The Reward for Good Work
I was listening to a recent episode of Founders, where David Senra was covering The Creative Act by Rick Rubin. During the episode he referenced a quote attributed to Tom Sachs that particularly spoke to me:
“The reward for good work is more good work.”
The timing coincided with finishing my previous piece on pressure as a privilege, though in truth these are ideas I muse over often.
We’re all different. We have different priorities, ambitions, tolerances, and definitions of success. For some, work is very clearly a means to an end. Something to be completed in order to enjoy what sits outside of it. From that perspective, the idea that the reward for good work is more work feels counterintuitive, even undesirable.

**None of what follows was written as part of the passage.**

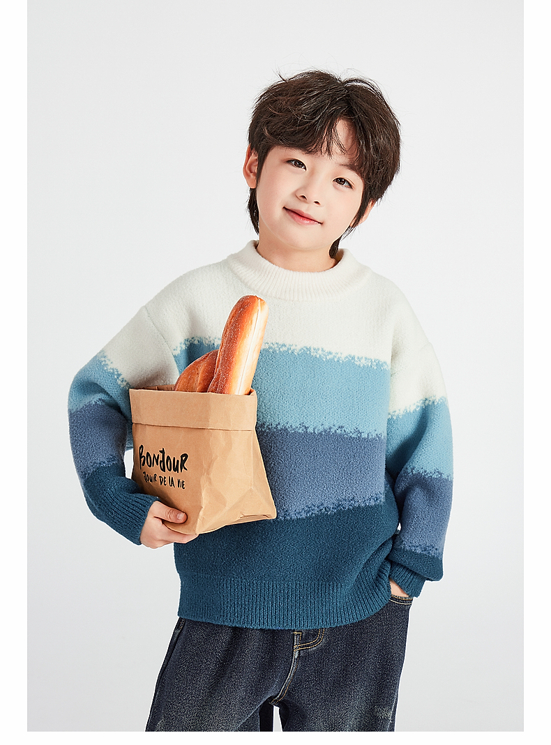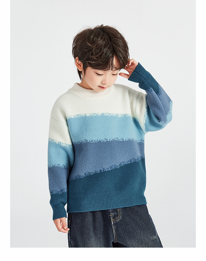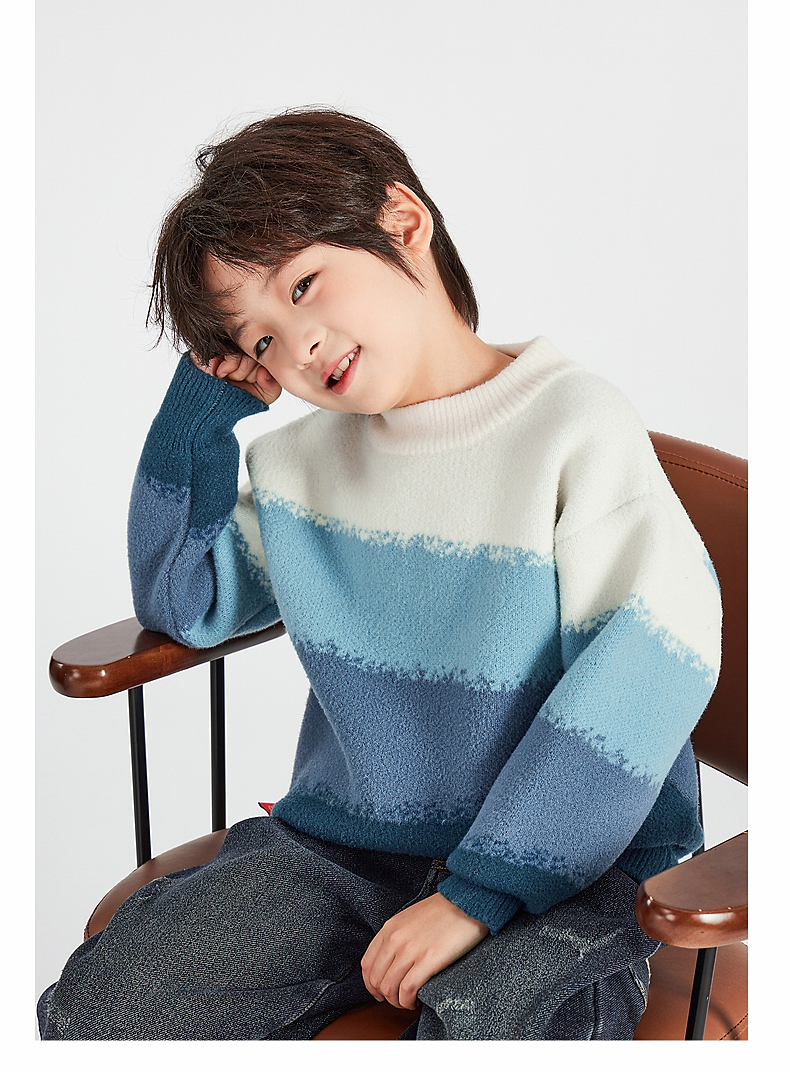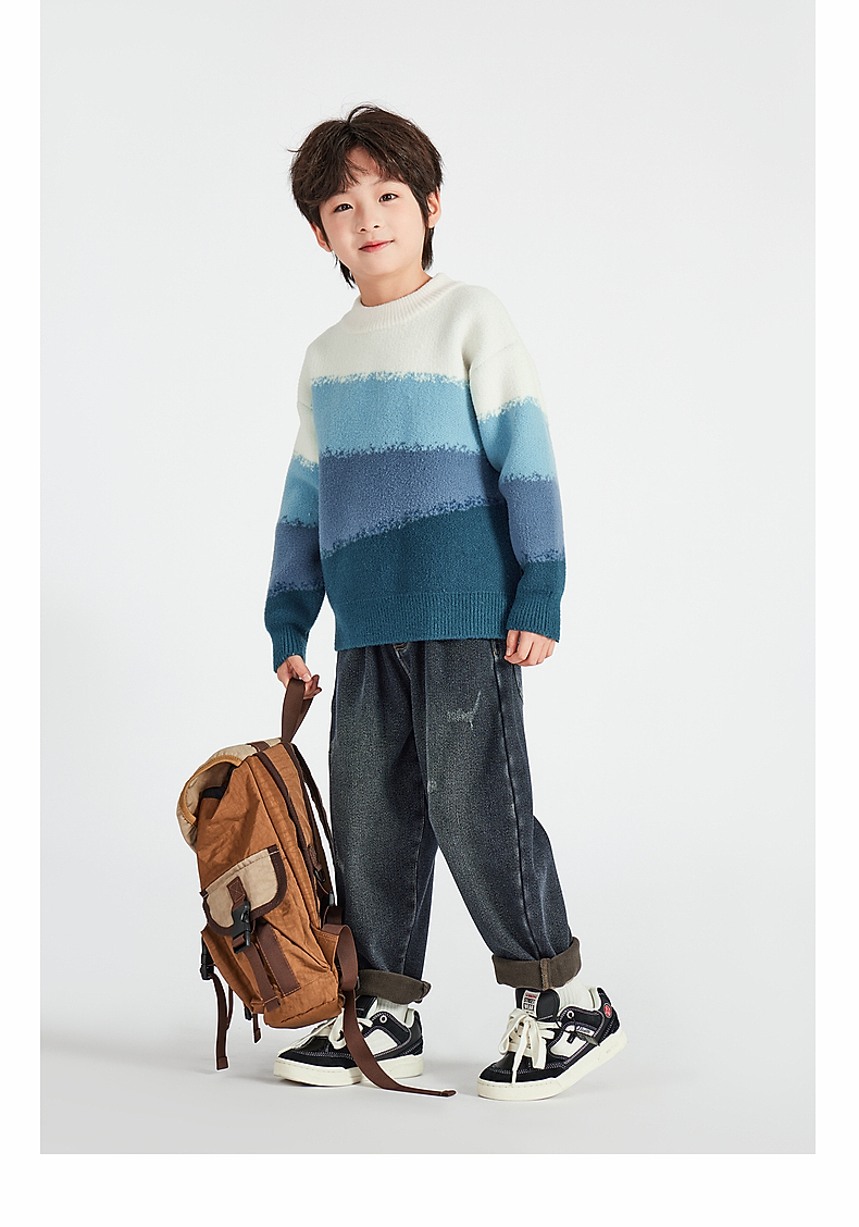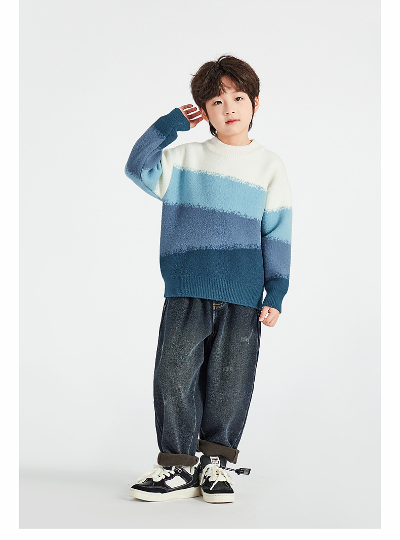 【团购价76.9】多多家男童毛衣儿童针织衫秋冬季2024新款中大童渐变保暖上衣冬装9761

And yet, I sense there are many who recognise the opposite. Those for whom more work, when it’s the right kind of work, doesn’t feel like a punishment but instead a signal that you’re delivering value.
Sure, there are things to be wary of when it comes to work begetting more work, especially when you arrive there by excelling amongst peers or competition. The risk of burnout is real, particularly when passion blurs boundaries and stretches what might be considered ‘normal’ working hours. Some of this comes down to choosing the right profession or at least finding ways to integrate genuine interest into what you do. Some of it may simply be an ingrained sense of ambition. A pull towards creating, producing quality, and excelling at what you do.
Why does this matter?
Because when you find the thing you care about deeply, or the thing you’ve honed to a level where quality becomes the focus rather than effort itself, the nature of work changes. It stops being something you endure and starts becoming something you lean into. Once you reach that space, more work doesn’t just follow, you almost begin seeking it out, even if indirectly and without consciously asking.
When quality overtakes the idea of working just to work, the output becomes distinguishable from the crowd. What you produce begins to stand apart. While others may be ready to shut down at 17:30, you’re content to keep going. Not because you’re chasing hours or rates, but because if something has your name on it, you know it needs to be the best you can deliver.
It becomes less about time invested and more about the standard you’re willing to accept. The returns, repeat clients, progression, and opportunity can appear sudden from the outside, but they’re rarely accidental. They’re the result of years of diligence and quiet commitment.
This ties back to my last piece on pressure and hard work. Increased opportunity often brings increased pressure, much of it self-imposed and driven by the desire to deliver consistently high-quality work. This can be hard to explain, even to those closest to you. They see stress and long hours and worry you’re pushing too hard. Your inner monologue tells a different story.
You know what sits on the other side of the effort. You know that what you’re producing isn’t just tied to this piece of work, but to every piece that came before it; the years of learning, repetition, and refinement that built the competence you now operate with.
That said, self-awareness matters. There are points where quality risks eroding or where you hit a mental block. Moments where stepping away becomes necessary. For some, that distance comes through a walk. For others, a run or time in the gym. For me, movement has always been the reset. Space creates clarity, and that clarity tends to unlock the path forwards.
As I said in the last post, we often refer to the analogy that pressure creates diamonds. But only through moving through pressure do you learn yourself. Where your limits are, when to pause, and when to push on. Not everyone will see what you see. Others may think you need weeks or months away. They may not share the same relationship with the work or understand why you’re still comfortable operating at a level that feels intense from the outside.
You don’t need permission to care deeply about what you do. You don’t need permission to outwork others, or to give yourself fully to the pursuit of quality. If the work is meaningful to you, that’s justification enough.
“The reward for good work is more work.”
When, or if, you decide to stop accepting it, to step away, take a sabbatical, or move into a different phase of life, that choice is yours. I often say I don’t know how long I’ll remain in demand, so while the work continues to interest me and opportunities present themselves, I keep accepting and moving forward. Maybe there’ll be a moment where a six or twelve month pause feels right. Maybe the next piece of work will simply pull me in again.
All I know is that this quote resonated because it’s been a quiet through-line of my professional life. And if you’ve made it this far, I suspect it’s a through-line of yours too.